I'm afraid I'm not going to find what I need, and I'll eventually end up triple booting my system with XP/7/Ubuntu.  Sounds schizophrenic!

I have a thermaltake xaser full tower case I'll use, and I don't need new monitors . . .  I don't mind quiet, and the system will be left on 95% of the time.  I think I'm going to raid 0 a couple of terrabyte drives for backup saftey.  
Suggestions Please?

Milo


----------



## BarbaricSoul (Aug 4, 2010)

not sure where you heard that about the new video cards, but considering TPU has a version of ATI 10.6 catalyst for winXP32, I think the ATI 5000 cards will work on XP.

Intel Core i7-930 Bloomfield 2.8GHz 4 x 256KB L2 C...

ASUS Rampage III Gene LGA 1366 Intel X58 SATA 6Gb/...

G.SKILL 3GB (3 x 1GB) 240-Pin DDR3 SDRAM DDR3 1333...

CORSAIR CMPSU-750TX 750W ATX12V / EPS12V SLI Ready...

Kingston SSDNow V+ Series SNVP325-S2B/128GB 2.5" 1...

XFX HD-587X-ZNFV Radeon HD 5870 (Cypress XT) 1GB 2...

Noctua NH-D14 120mm & 140mm SSO CPU Cooler

Price is $1533.94


----------



## AlienIsGOD (Aug 4, 2010)

Umm...if hes using XP 32bit 6GB of ram is overkill and 2 1GB cards or even a 2GB wont play nice with ram http://forums.techpowerup.com/showthread.php?t=91260&highlight=32bit . 3GB of ram and a 1 GB GFX card would suit XP 32bit better IMO.


----------



## BarbaricSoul (Aug 4, 2010)

AlienIsGOD said:


> Umm...if hes using XP 32bit 6GB of ram is overkill and 2 1GB cards or even a 2GB wont play nice with ram http://forums.techpowerup.com/showthread.php?t=91260&highlight=32bit . 3GB of ram and a 1 GB GFX card would suit XP 32bit better IMO.



your correct, been awhile since I used a 32bit OS. I'll edit my post.


----------



## streetfighter 2 (Aug 4, 2010)

I mean no disrespect mate but I was once like you.  It took about 6 hours of pulling teeth but I got Windows 7 running almost as picture perfect as I had XP.

I kept a log of all the changes I made, and I must admit its still a work in progress, but it's worth it.  I helped one of my friends, who was a major holdout, and he's now fairly pleased with 7.

By all means double/triple/quad boot.  I do (7 and XP), and I think you'd be insane not to considering that during the process of fixing 7 you stand a good chance of breaking it beyond repair.


----------



## Mussels (Aug 4, 2010)

barbarics build should be fine, but its a losing battle: you have to go 7 sooner or later, and it might as well be sooner so you can benefit from it.


----------



## JATownes (Aug 4, 2010)

IDK why someone wouldn't like 7...I love it...best OS by MS ever.


----------



## Mussels (Aug 4, 2010)

JATownes said:


> IDK why someone wouldn't like 7...I love it...best OS by MS ever.



some people have been running XP for nearly 10 years now, they dont remember (or werent around) when MS released an OS every year or two.


95, 98, NT and all its flavours, ME, 98SE, 2000, XP, XP 64, 2003, vista, 7 


as far as some people are concerned, it went XP (all they know) vista (CHANGE IS BAD!) 7 (ZOMG! MORE CHANGE!)

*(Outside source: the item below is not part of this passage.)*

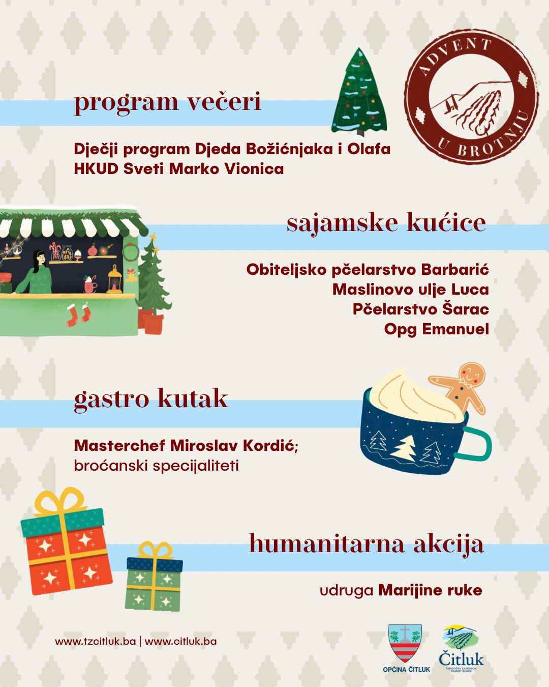 “Pozivamo sve da nam se pridruže i zajedno uživaju u blagdanskoj atmosferi, druženju i toplini Adventa u Brotnju!” – poručili su iz Turističke zajednice Općine Čitluk.

give it a year or two, and XP will be useless. new apps wont run on it, companies wont offer support, drivers will be nonexistent. sure, make his new system run XP if he wants - but dual boot with 7 so you can LEARN.

one big mistake people make with 7 is trying to tweak and modify it like XP... its not an OS that NEEDS tweaking. XP was a pile of crap on default settings, 7 isnt. install it, turn off UAC, have fun.


----------



## streetfighter 2 (Aug 4, 2010)

Mussels said:


> as far as some people are concerned, it went XP (all they know) vista (CHANGE IS BAD!) 7 (ZOMG! MORE CHANGE!)

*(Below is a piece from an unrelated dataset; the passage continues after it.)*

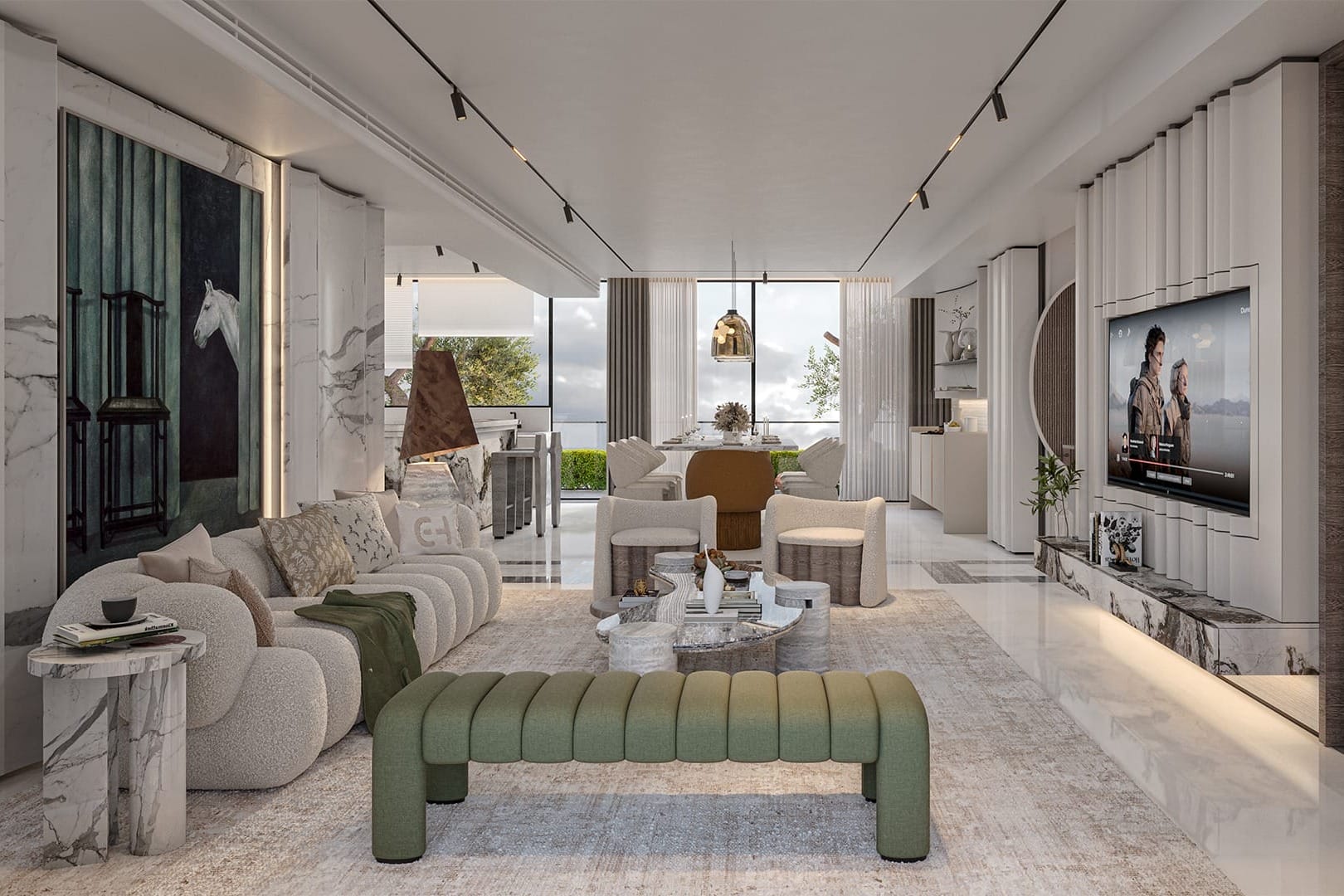 Italian Statuario Marble Flooring:Experience timeless elegance with premium Italian marble throughout your home.

I take exception to that.  I'm not the only experienced user who is not fond of 7.  I don't want to write a bloody novel about what's wrong with 7 because there are already at least a few very good ones out there.



Mussels said:


> one big mistake people make with 7 is trying to tweak and modify it like XP... its not an OS that NEEDS tweaking. XP was a pile of crap on default settings, 7 isnt. install it, turn off UAC, have fun.



What are you talking about?  You can't even install custom drivers on 7 without jumping through hoops.  Several of the default Windows 7 services are about as useful as a splinter in your foot and there are more of them and with less information on what they do.  The new and improved Indexing Services (Windows Search Service I think) feels uninhibited about going on a user impeding 60 minute recursive crawl of any drive I plop in AHCI style.  The firewall has a million and one exceptions that shouldn't be there unless you love Microsoft and want WMP to become a new deity.  The HomeGroup feature is bitterly useless unless everyone else on your network is using 7 or Vista.

Windows 7 needs tweaking.


----------



## Mussels (Aug 4, 2010)

streetfighter 2 said:


> I take exception to that.  I'm not the only experienced user who is not fond of 7.  I don't want to write a bloody novel about what's wrong with 7 because there are already at least a few very good ones out there.
> 
> 
> 
> ...



why do you need custom drivers?
why disable services, even if they dont help you? rams so cheap its not worth saving the 100MB you get from cutting it all back.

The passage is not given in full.